Trump’s humour, I think, is archetypally mercantile – the laughter of business. It’s the comedy of a man who understands the exquisite pleasure of stiffing and the equally dreadful agonies of being stiffed. His gags are the gags of the guy on the make – a character from a Philip Roth novel, or a Martin Scorsese movie – a man who understands that in life you pay for everything. He’s aware, in other words, that in suffering there is comedy and that life is an inherently funny business.

By contrast, Trump’s predecessor in the White House wasn’t very funny – or at least not nearly as funny as everybody seemed to think. President Obama’s comedy was the comedy of the Boden catalogue – more about being seen to be creasing with laughter, knees bent, high-fiving Joe Biden while showing off a perfect smile – than it was about being genuinely hilarious. Obama’s gags, for example the ones he seemed so much to enjoy delivering at the White House Correspondents’ Association Dinner, were all very clearly written by someone else. Pretty much without exception they were preppy and WASPY – the humour of the elite – right down to the famous and cringey mic drop, complete with fingers over lips pose. There’s nothing wrong, of course, with the leader of the free world making scripted jokes, but it’s just that Obama without a script wasn’t funny at all. Steve Hilton recently said his old boss David Cameron had thought Obama was “one of the most narcissistic and self-absorbed people” he’d ever met. I suspect, judging from Obama’s inability to be spontaneously funny, that verdict isn’t as harsh as it sounds.

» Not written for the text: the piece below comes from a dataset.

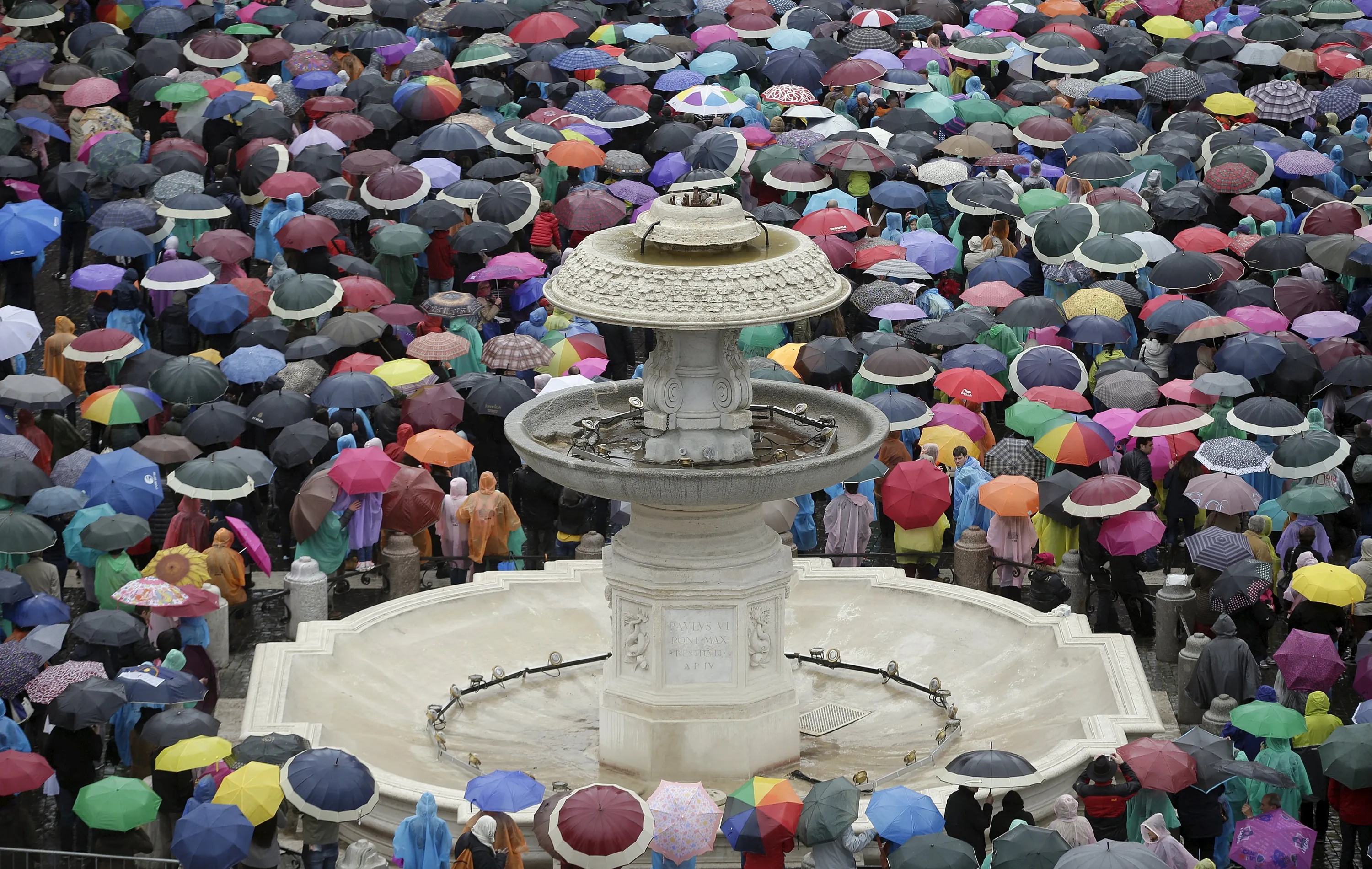 Faithful attend as Pope Francis leads the Easter mass in St. Peter's square at the Vatican April 5, 2015. (Photo by Max Rossi/Reuters)

Don’t agree? Watch Jerry Seinfeld interview Obama in a dedicated episode of Comedians in Cars Getting Coffee on Netflix. Again and again Seinfeld, an American king of comedy, tries to set the President up to make a joke at his own expense, to laugh at himself. No chance.

“Have you ever had one of those George W Bush moments, remember when he couldn’t find the door in the wall…I don’t believe that you’ve ever publicly had one of those?” Seinfeld asks, straight-faced.

“I have not had a public moment like that,” the then-President replies.

“You haven’t tumbled down a stair?”

“No, not yet.”

“You’ve never leaned over and just started vomiting?”

“No. Nothing like that’s happened so far.”

“Nothing? What’s your most embarrassing Presidential moment?”

“This may be it.”

In fact, at least twice during the interview (which is predicated only on the idea that Obama can be a total laugh riot) Obama references his own coolness. “I’m supposed to be the cool President,” he says. But even school kids know: you can’t be both cool and funny.

It must be said, of course, that being spontaneously funny is by no means a pre-requisite for being a great leader. On the whole, we don’t look to Presidents for light relief. In fact, one suspects in general we’d prefer them to be serious. But the ability to be funny without effort does demonstrate, if nothing else, an incontrovertible common touch – the common touch Trump’s many enemies claim he doesn’t possess beyond demagoguery.

The great received wisdom about Trump, especially from those who hate him, is that the joke’s on him. We’re told again and again that he’s amazingly stupid (Michael Wolff’s Fire and Fury managed to stretch this single thesis to 336 pages). “If it wasn’t so serious, it’d be funny”, they say, shaking their heads, of virtually every Trump utterance and action. But surely this assertion is ludicrous. If Trump’s so stupid, then how come he’s a multibillionaire and the world’s most powerful man? Wouldn’t we all like to be so stupid?

The time has come, I think, to reassess Trump’s supposed stupidity, without the clouding lens of loathing. That probably begins with accepting that, if you can’t see that he’s funny, the joke’s not on him, it’s on you.

Trump’s humour may not always be pretty, but it’s there alright. Accept it: the President’s a funny guy.